The initial and primary motive for increased demand and reimbursement for behavioral health services occurred in 2008 when Congress passed the Mental Health Parity and Addiction Equity Act (MHPAEA). This act requires that insurers equalize coverage for behavioral health and medical health benefits in terms of co-pays, deductibles, lifetime caps and access to providers. Also in 2008, Congress passed the Medicare Improvements for Patients and Providers Act (MIPPA), which increased access to mental health in federal programs. In 2013, Congress issued clarifying legislation imposing penalties and sanctions on insurers that did not comply with these requirements. In 2010, the Affordable Care Act (ACA, Obamacare) allowed adult children aged 18 through 26 to remain on their parents’ insurance. It also built on MHPAEA with the requirement that most insurance plans cover mental health and substance abuse services—the largest expansion of such coverage in a generation. These major changes in reimbursement and confluence of regulatory events have resulted in marked improvements in the financing of behavioral health. Despite growth in privately owned treatment centers, the opioid crisis has reached a breaking point for hospitals struggling to cope with the influx of addicts in the U.S. Treating addiction as a chronic disease rather than an episodic encounter will be critical. Hospitals can and should partner with behavioral health treatment centers (and police departments) to intervene, care for, treat and track patients after discharge to prevent readmissions. BDO has seen innovative and successful partnership models among hospitals, recovery centers and local police departments, most recently at Gosnold on Cape Cod with three hospitals in Massachusetts. Intervention specialists from Gosnold are present in the ER to assist overdose victims seven days a week and encourage them to seek follow-up treatment as part of this innovative partnership. 

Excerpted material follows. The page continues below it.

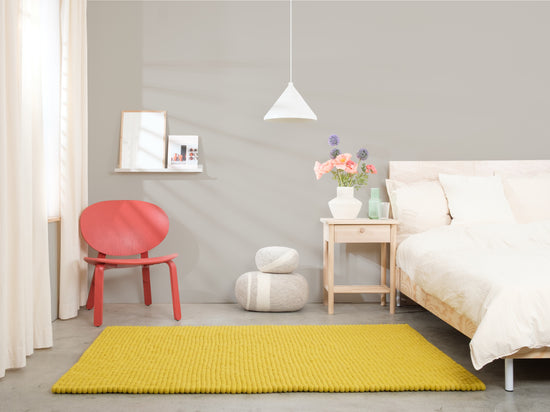 Kata es una alfombra de bolas de fieltro en un fresco verde amarillento. Brillante, vital y llena de energía, aporta movimiento a la habitación. Ya sea como acento alegre en la sala de estar o como punto de luz en el espacio de trabajo. Kata aporta vitalidad y ligereza. Suave, resistente y fácil de mantener. Hecha a mano en Nepal con 100 % pura lana virgen.

Read more on the behavioral health market dynamics and demographics here.
 
5) There is strong bipartisan desire among hospital executives to build upon the Affordable Care Act rather than simply repeal it. Panelists voiced concern about efforts to repeal and replace the ACA resulting in potential reductions to Medicare and Medicaid and hence, reduced access to care and cost increases. One CEO expressed distinct concern given half of his patient population consists of Medicaid patients in DC.

BDO’s quick take: Three sea changes are happening today in healthcare: the move from mandates to choice, from regulation to competition and from subsidies to actuarial soundness. These changes will continue to shape how healthcare entities are valued, the way care is paid for and regulated and how various stakeholders invest in the industry. After the failure of two repeal efforts in 2017, and the Trump administration’s executive order to end cost-sharing subsidies, patients and providers could see adverse impacts, with significant increases in premiums by insurers for lower-income enrollees to counteract losses in subsidies. Fewer enrollees and fewer insured Americans would spell higher costs and outstanding collections issues for providers and hospitals in 2018-2019, putting pressure on already strained expense systems. A focused look at non-labor expense reductions must be taken in 2018 to balance these headwinds.